The shovel blade end of each shovel blade control arm 42 inserts through a control arm slot 50 which is a narrow slot cut longitudinally down the center of each shovel blade 40 for approximately 90 percent of its length. The purpose of this slot is to accept the shovel blade control arm 42, and provide guidance for the control arm 42, while the shovel is in operation.

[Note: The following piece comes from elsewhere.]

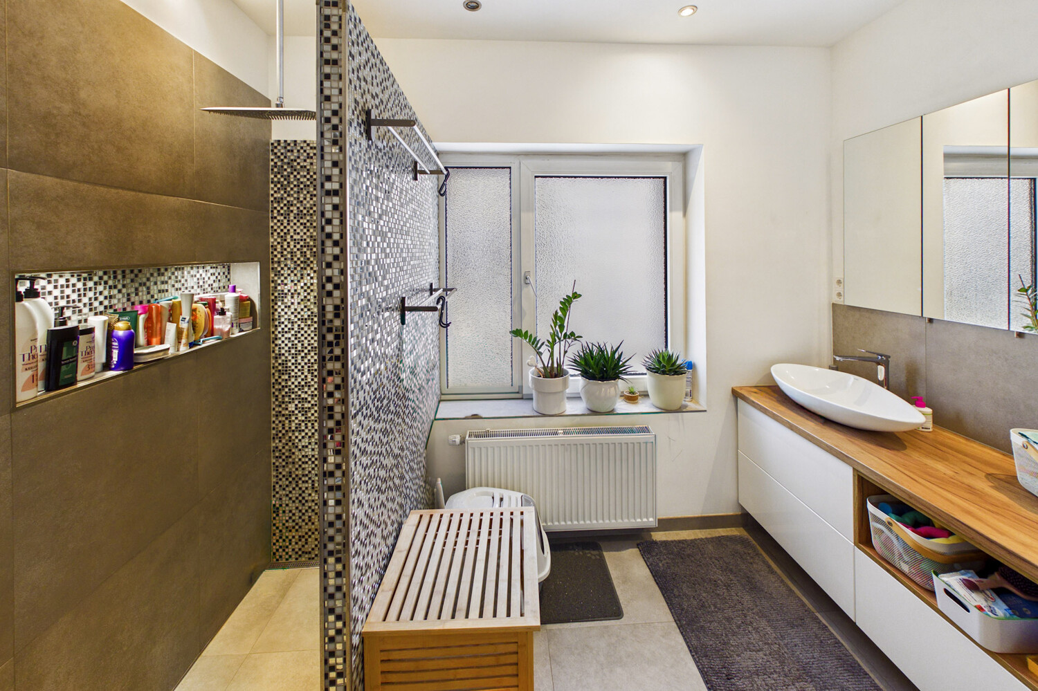 Auch an den Fenstern wurde umfassend investiert: 2023 wurden im Erd- und Obergeschoss überwiegend dreifach verglaste Kunststofffenster eingebaut, zeitgleich erfolgte die Erneuerung der Kellerfenster. Außenjalousien an beiden Wohneinheiten sorgen für optimalen Sicht- und Sonnenschutz und tragen zusätzlich zu einem sicheren und komfortablen Wohngefühl bei.

The shovel blade end of each control arm 42 passes through the shovel blade 40 and out the back side of the shovel blade 40 where the roll pin 48 is pressed through its end perpendicular to the control arm slot 50, which can be clearly seen in FIGS. 3B and 4, and which is also enclosed by the pin enclosure 38 which is attached to the back side of the shovel blade 40 and covers and encompasses the entire control arm slot 50 and the end of the shovel blade control arm 42 and its pressed roll pin 48.

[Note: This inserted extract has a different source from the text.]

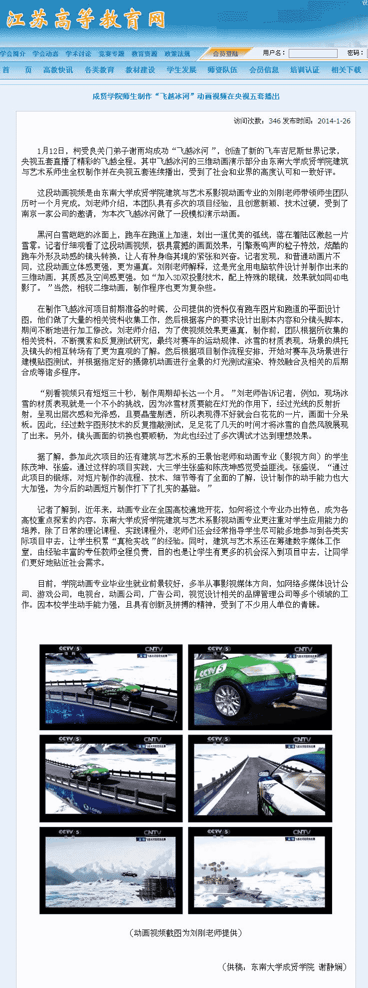 【江苏高等教育网】央视“飞越冰河”动画演示 原来出自东大艳照门 之手

The shovel blades 40 are designed to provide the backing and support for dragging the snow from beneath the vehicle with their concave working surface being mounted facing rearward. The pin enclosures 38 keep the control arms 42, secure to the back of the shovel blades 40 which face forward when in the extended or snow capture position. The pin enclosures 38 are three sided enclosures creating enclosed runners within which the blade end of the control arm 42 and pressed roll pin 48 are housed. The fourth side is open, and it is this side that is secured to the back of the shovel blade 40. The pin enclosures 38, cover the control arm slot 50 cut in the shovel blade 40 as viewed from the top of the shovel blade 40, as seen in FIG. 3B, or the surface opposite the snow surface. The pin enclosures 38 are made of aluminum or stainless steel. The pin enclosures 38 may be coated on the inside with Teflon or urethane to allow the control arms 42 and pressed roll pins 48, to slide properly in the pin enclosures 38. The control arm 42 is therefore securely attached to the shovel blade 40, while allowing and controlling a range of motion of the shovel blades 40, to include being entirely retracted and lying against the outer shaft 14, to being extended out to nearly ninety degrees.

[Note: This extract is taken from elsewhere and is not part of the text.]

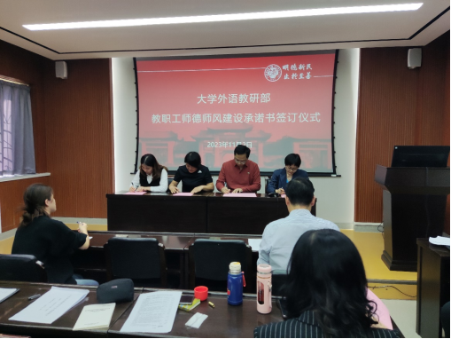 接下来,蒋框布置了教职工师德师风负面清单自查工作,要求教师按照要求认真查摆,如实填报。随后,全体教师签订了《河南大学教职工师德师风建设承诺书》。通过自查和签订承诺书,教师们充分认识到师德师风建设的重要性,时刻自重自省自警自励,牢牢守住师德底线。
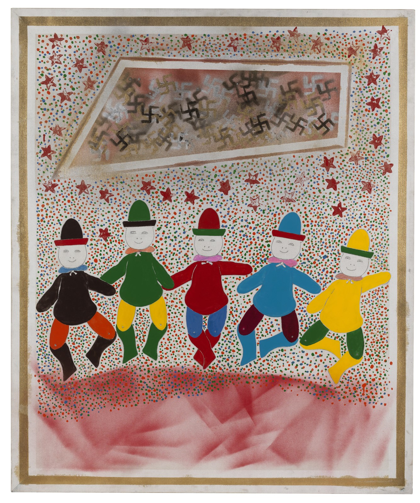 ANGELI FRANCO (1935 - 1988) Marionette. Tecnica mista su tela. Cm 99,50 x 120,00. 1985/1988. Firma e titolo al retro. Opera archiviata presso l'Archivio Franco Angeli, Roma come da documentazione fotografica allegata all'opera riportante il relativo numero d'inventario.

The control arm 42 determines the direction and movement limitations of the shovel blade 40. The control arm 42 determines direction of shovel blade 40 movement by a combination of the push or pull action the user is applying to the handle assembly 12 of the snow shovel apparatus 10, the status of the handle lock pin 26, and the slide pin 46 location in the slide pin slots 44. General shovel blade 40 movements are limited and controlled by the control arms 42. The control arm 42 limits shovel blade 40 movement by limiting the arc that the shovel blade 40 can swing about its point of rotation 34, which is the hinge assembly 34. The control arm 42 can be made of aluminum, stainless steel or carbon steel, depending on the size of the snow shovel apparatus 10. Generally, larger shovels will require stronger steels to ensure adequate strength and durability. The secure attachment of the pin enclosure 38 to the back side of the shovel blade 40 also acts to strengthen the shovel blade 40 around the control arm slot 50.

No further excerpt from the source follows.